Hi @matthewLiem, thanks for report this. Does this issue always happen?

matthewLiem commented 4 years ago

yup - it's happening consistently. i've reduced input data to a single file and still seeing error. Also regardless of upsert/delete, i get the error. will see what else i can run to help isolate the issue and try to produce a sample data file for repro

lamberken commented 4 years ago

Got it, trying to figure out it. Also, it's nicer if there is a sample data can reproduce this. :)

matthewLiem commented 4 years ago

Thanks for the help @lamber-ken. The issue was due to a mismatch in data types between the hudi table and the DF we're looking to UPSERT. Casting properly and ensuring schema matched types across both resolved the issue.

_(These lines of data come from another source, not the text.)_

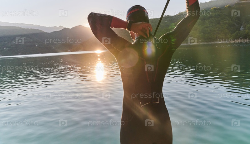 Настоящий спортсмен по триатлону готовится к тренировке по плаванию на озере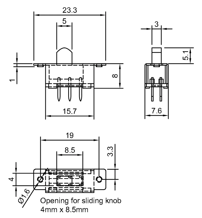 Kích thước công tắc pin được sử dụng có trong tài liệu. Nếu sử dụng công tắc khác, phần dưới cần điều chỉnh một chút.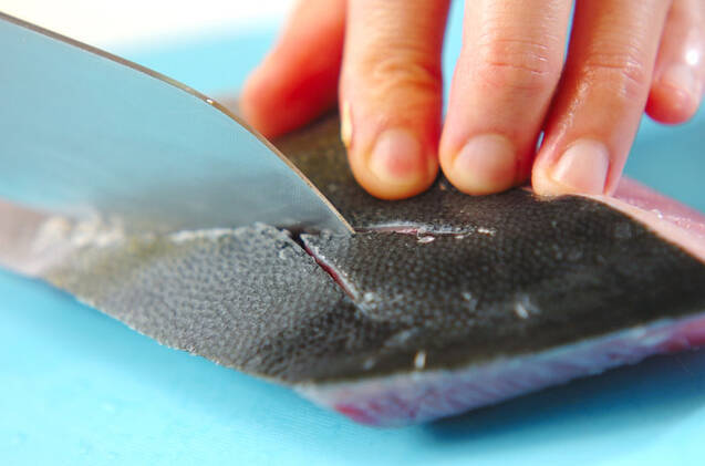 ハマチは身の厚い部分に切り込みを入れ、手に塩を持ち、20~30cm位上で指の隙間から塩を落としながら、裏表全体にまんべんなく振る。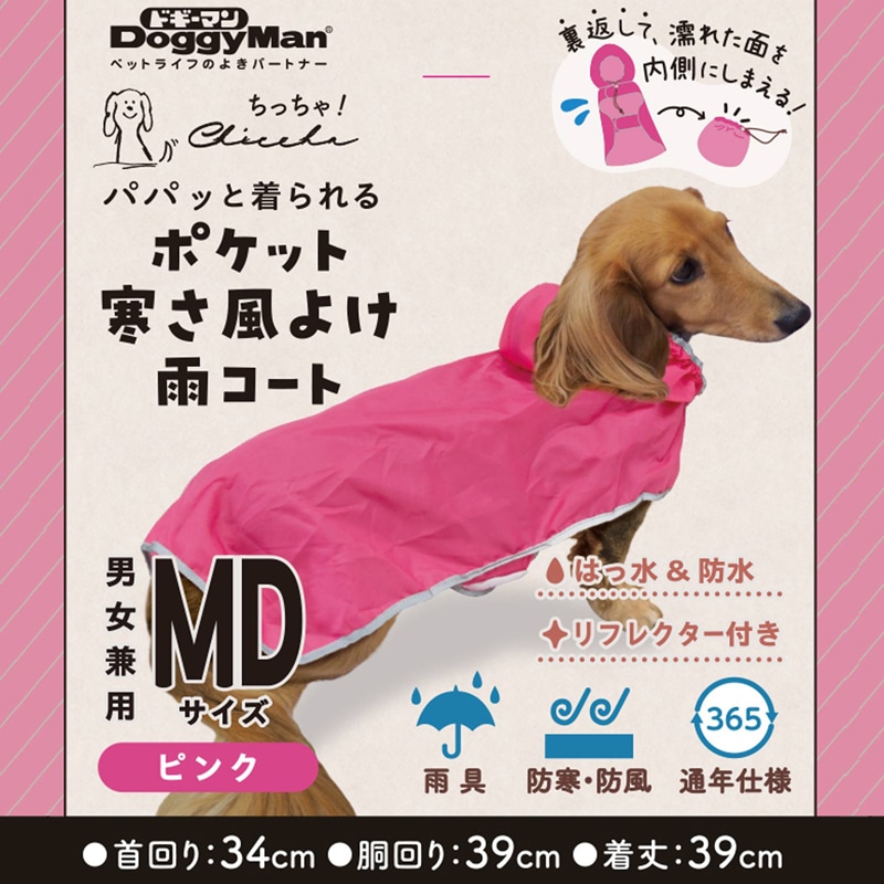 Chiccha! パパッと着られる ポケット寒さ風よけ雨コート MD ピンク

lamberken commented 4 years ago

@matthewLiem welcome :)

Record some notes:

Change lit(123456) to lit(123456L)

val updateDF = inputDF.withColumn("run_detail_id", lit(123456))

Reproduce steps:

import org.apache.spark.sql.functions._
import org.apache.spark.sql.SparkSession

val inputDataPath = "file:///tmp/test/ttt/*"
val hudiTableName = "hudi_identity"
val hudiTablePath = "file:///tmp/test/nnn"

val hudiOptions = Map[String,String](
    "hoodie.datasource.write.recordkey.field" -> "auth_id",
    "hoodie.table.name" -> hudiTableName, 
    "hoodie.datasource.write.precombine.field" -> "last_mod_time")

// create
val inputDF = spark.read.format("parquet").load(inputDataPath)
inputDF.write.format("org.apache.hudi").options(hudiOptions).mode("Overwrite").save(hudiTablePath)    

// update
val inputDF = spark.read.format("parquet").load(inputDataPath)
val updateDF = inputDF.withColumn("run_detail_id", lit(123456))
updateDF.write.format("org.apache.hudi").options(hudiOptions).mode("Append").save(hudiTablePath)

data.parquet.zip

tooptoop4 commented 4 years ago

@lamber-ken https://github.com/apache/hudi/issues/1802 looks similar, any idea?

absognety commented 3 years ago

Thanks for the help @lamber-ken. The issue was due to a mismatch in data types between the hudi table and the DF we're looking to UPSERT. Casting properly and ensuring schema matched types across both resolved the issue.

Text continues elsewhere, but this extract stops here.